Anecdotal evidence: I recently turned 50, and I recently had a stress test. According to "the formula" my maximum heart rate should be 170. The technician stopped the test when my heart rate was 183. Nothing "blew", except air out of my lungs.

And no, I am not "fit", nor an athlete. I am still at puppy level when I do CrossFit workouts.

2

wrote …

I understand the article that has it's problems with HRM, but never actually addresses a fix for it. Obviously a top performing athelete will have different values than a sedentary person, but I would say for the lay person it probably fills the need 99% of the time. After all, top performing athletes are probably the top 1% of physical specimen.

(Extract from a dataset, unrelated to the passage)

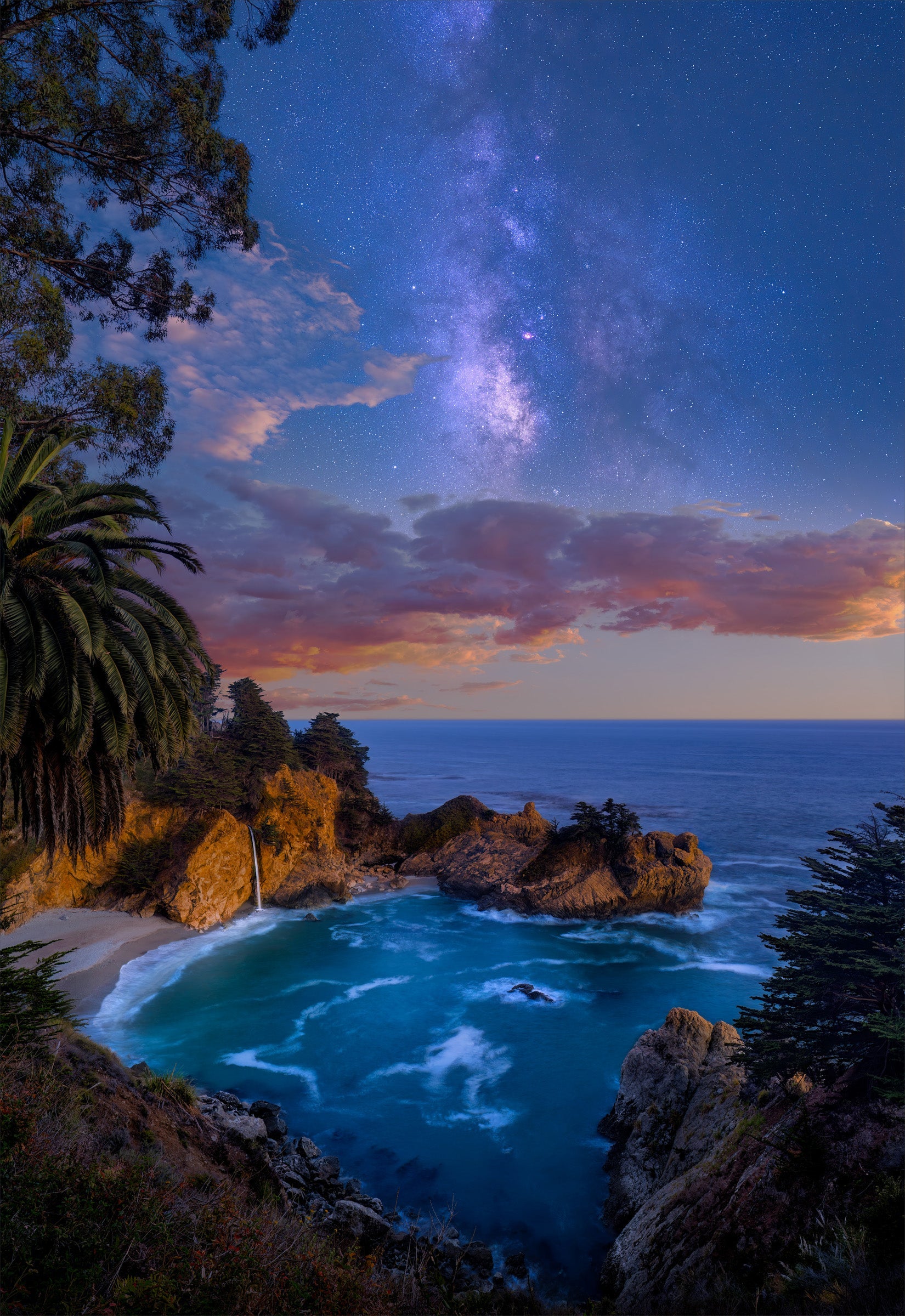 The Californian coast preserves hundreds of miles of untouched beauty and McWay falls has that magical feel about it. During the daytime this location is stunning — but shooting it at night is even more spectacular. The 80-foot waterfall cascades into the Pacific Ocean, creating a natural wonder where inland fresh water meets the sea.

Anyway, as someone who is out of shape and working to get into some decent shape I use my heart rate monitor not to stay below a maximum heart rate, but to stay above a minimum heart rate to make sure I am pushing myself enough. (one of my weaknesses may be that I would rather be sitting on the couch playing PS3 that busting my arse for 20 mins doing a WOD, but I know the second is more important to my well being)

Anyway, always appreciate the CFJ stuff and always respect Brian M.

3

Ben O'Grady wrote …

It's common knowledge among endurance athletes that the "formula" is merely a rule-of-thumb or a starting point for determining HRM. You would want to test yourself to determine your true HRM...Brian described one such test in his article with the rower. I'm 36 and my max heart rate is 186-187. The formula tells me 184, so it's close enough for my purposes.

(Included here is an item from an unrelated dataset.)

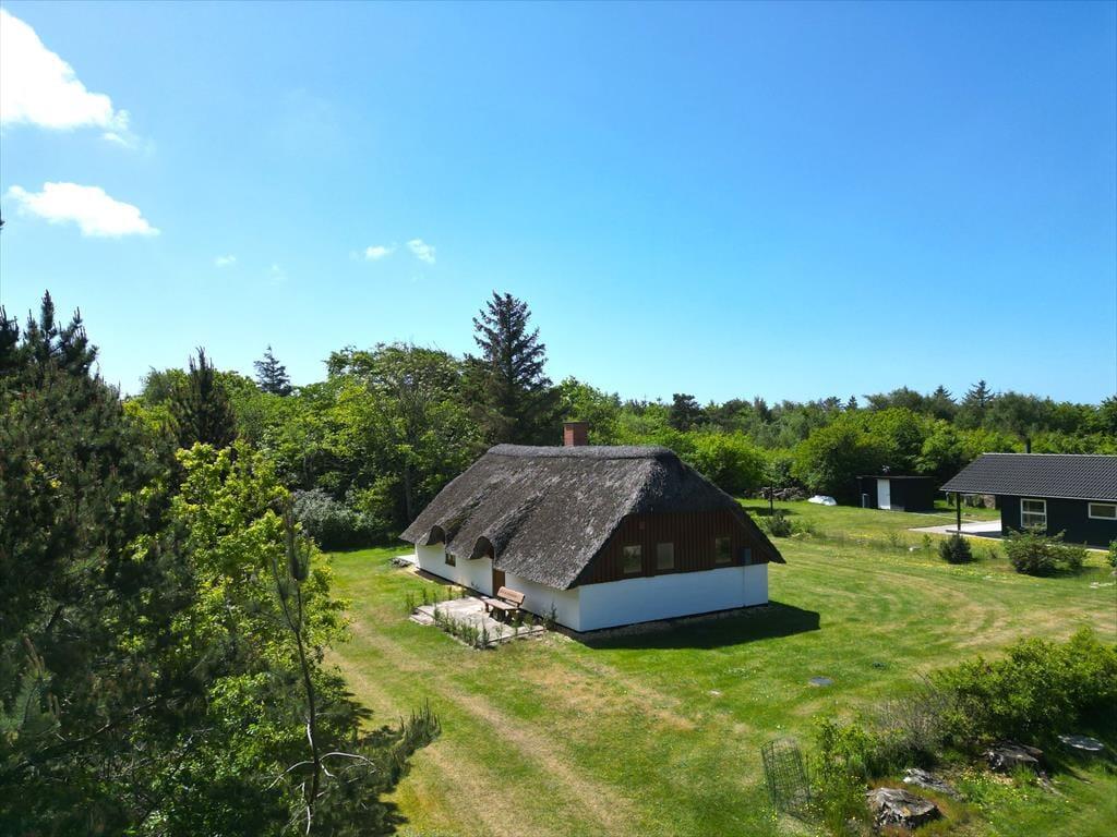 Når I træder ind i dette charmerende sommerhus med klassisk stråtag, mødes I af en rolig og hjemlig stemning, der inviterer til afslapning fra første øjeblik. Det naturlige, de bløde farver og det lyse interiør skaber ægte sommerhusidyl – her er det nemt at koble helt fra og lade hverdagen blive hjemme.

HR isn't the be all and end all, but rather another data point and a helpful one. Other options include measuring blood lactate and power output. It should be noted that measuring heart rate is the *cheapest* option if you're doing aerobic training. You can buy a decent HR monitor at Sports Authority for $50 and easily implement a fully fledged training plan using that one tool and some common sense. So why all the haterade?

4

wrote …

I agree with Brian K and Ben with the over-kill approach against the generic formula. However, as a health care provider that tailors toward a more athletic population, I do get frustrated with the re-education process around this issue. A few problems I encounter -
1) People using it as a crutch instead of a way to generally measure intensity... "Oh my God, I need to slow down because of my HR" instead of correlating perception, stress, and HR to making necessary bio-psycho adjustments during training.
2) People using the 220-age for percentages/zones without subtracting their resting HR... doing so will boost the training zones by 3-6 bpm; ((HRmax - RHR)x desired %)+ RHR; as well as, neglecting to find a more accurate HRmax through various tests.
All in all, using heart rate to help train more efficiently is much like Crossfit Endurance and Crossfit in general... it needs to be understood prior to application.

5

wrote …

Yeah. I've never taken the MHR charts printed on the tread mills to apply to me. I always assumed those were for the folks just getting started in the gym.

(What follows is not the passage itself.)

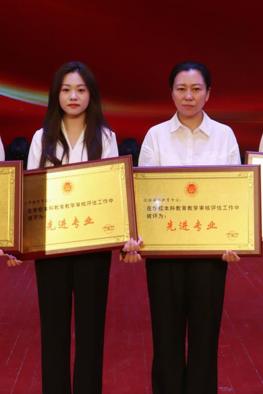 2025年9月10日,学院获评审核评估工作“先进集体”,汉语国际教育专业、小学教育专业获评审核评估工作“先进专业(教研室)”。学院始终坚持以评促建、评建融合,构建多层次评建组织体系,分阶段推进自查整改,系统梳理制度体系、夯实教学档案,形成闭环式质量提升机制。依托OBE理念优化人才培养模式,强化师资建设与教学资源供给,深化产教协同与课程思政创新,学院在教育教学内涵式发展方面成效显著,高标准完成审核评估各项任务,彰显了高水平应用型学院的建设实力。

I'm 44 and February will be 5 years of Crossfit for me. For the first year I wore my HRM regularly with every work out mainly because my heart had never been stressed like that before and, because I was not working out in a box (a.k.a alone), I wanted to understand if I was doing something harmful to myself.

As I got in better shape I began using the HRM less and less. But, it does provide interesting information. If the body is working correctly HR is largely a function of how much O2 your body requires. If I do Fran one week at 5:12 and the next week at 5:55 and view the HRM real time playback I can usually find that my average HR was measurably higher on the day that I had a longer Fran time. Diet? Sleep? Stress? Combination? Who knows for sure? What is known for sure is that if your body is not getting the O2 it needs to perform there is a reason and your HR can be a data point that gives you insight as to what that reason may be. Whereas if my average HR is lower but my Fran time is longer then perhaps I know I have a focus/mental issue.

6

wrote …

BTW. I've always wondered what a guy like Spealer or someone like Annie has as an average HR for a Fran or other named WOD. I'd just be curious how much O2 they need to perform at their elite level.

7

wrote …

I am a woman at the "other" end of 60 and have been working out seriously for about 5 years using a HR monitor. I am now familiar with its' workings and aim to achieve a %average heart rate, i.e. 123 for a session, but when I am on the bike or doing kettlebells I like to push harder to bring my heart rate up into the 130+ range, and working until I feel like vomiting. That's my criteria.
It's really just a motivator to work harder, which for me is a good reason to wear one.

8

wrote …

"Intuitively, we know a NASCAR driver or F1 racer would be shredded by a boxer, marathoner and a soccer or rugby player in terms of endurance, even though the literature tells us they have similar heart rates during competition."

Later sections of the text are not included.